JURISDICTION AND VENUE

13. This Court possesses federal question jurisdiction under 28 U.S.C. § 1331. The disputed questions of federal law include, but are not limited to, the following:

  1. Whether the present ICR approval is valid, and whether EPA and OMB have otherwise complied with the procedural requirements of the Paperwork Reduction Act in connection with the ICR as it pertains to the new TRI reporting requirements for the new category of dioxin and dioxin-like compounds?

  2. Whether OMB’s approval of EPA’s request for a control number under the Paperwork Reduction Act was in accordance with law, in light of the fact that EPA did not submit a complete clearance package and had not in other respects complied with the procedural prerequisites to OMB review?

  3. Whether EPA has considered the correct relevant factors established by law in setting a reporting threshold for dioxins and dioxin-like compounds?

  4. Whether EPA acted arbitrarily and capriciously when it refused to employ the same methodology for expression of dioxin and dioxin-like compound releases (i.e., "TEQ") under the Final Rule as the agency uses in other contexts?

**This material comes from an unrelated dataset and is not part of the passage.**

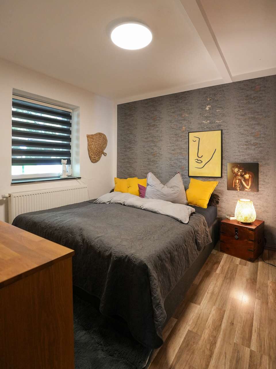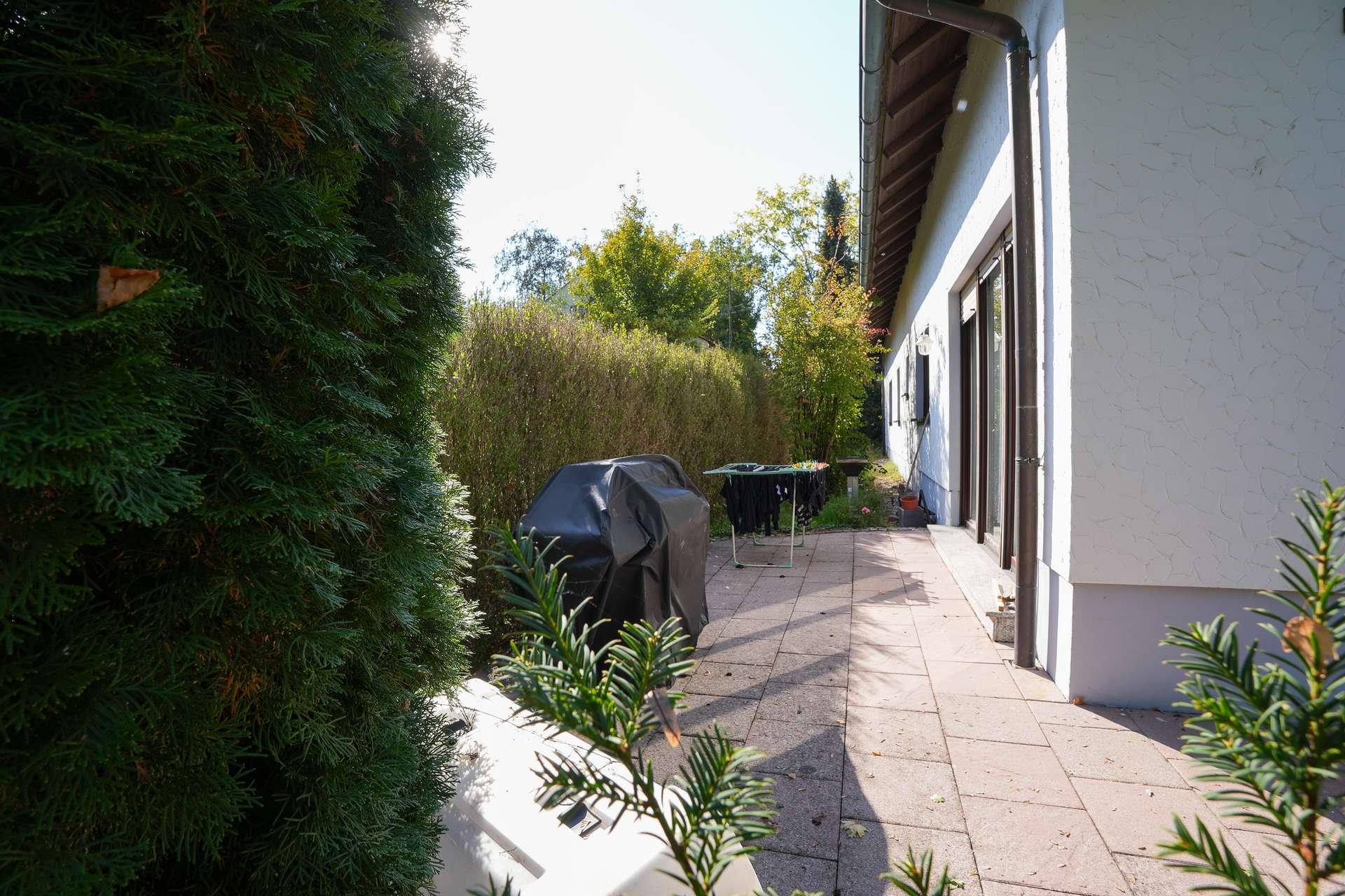 Die linke Gebäudeseite beherbergt eine weitläufige Wohnung mit rund 150 m², die sich durch helle, gut proportionierte Räume auszeichnet. Ein großzügiger Wohn- und Essbereich, mehrere Schlafzimmer, eine geräumige Küche, ein Bad, ein Gäste-WC sowie direkter Zugang zu Garten und Terrasse schaffen hier ein komfortables Zuhause für Familien oder Paare mit Platzbedarf.

     14. Venue is proper in this judicial district under 28 U.S.C. § 1391, because a substantial part of the events and omissions giving rise to the claims in this lawsuit occurred or failed to occur at the headquarters of EPA, which are located in the District of Columbia.

     15. EPA’s failure to comply with its statutorily-mandated obligation to submit to OMB a complete ICR (and to provide notice and opportunity for public comment with respect to the same) constitutes final agency action, as does OMB’s approval of the ICR and EPA’s publication of the Final Rule.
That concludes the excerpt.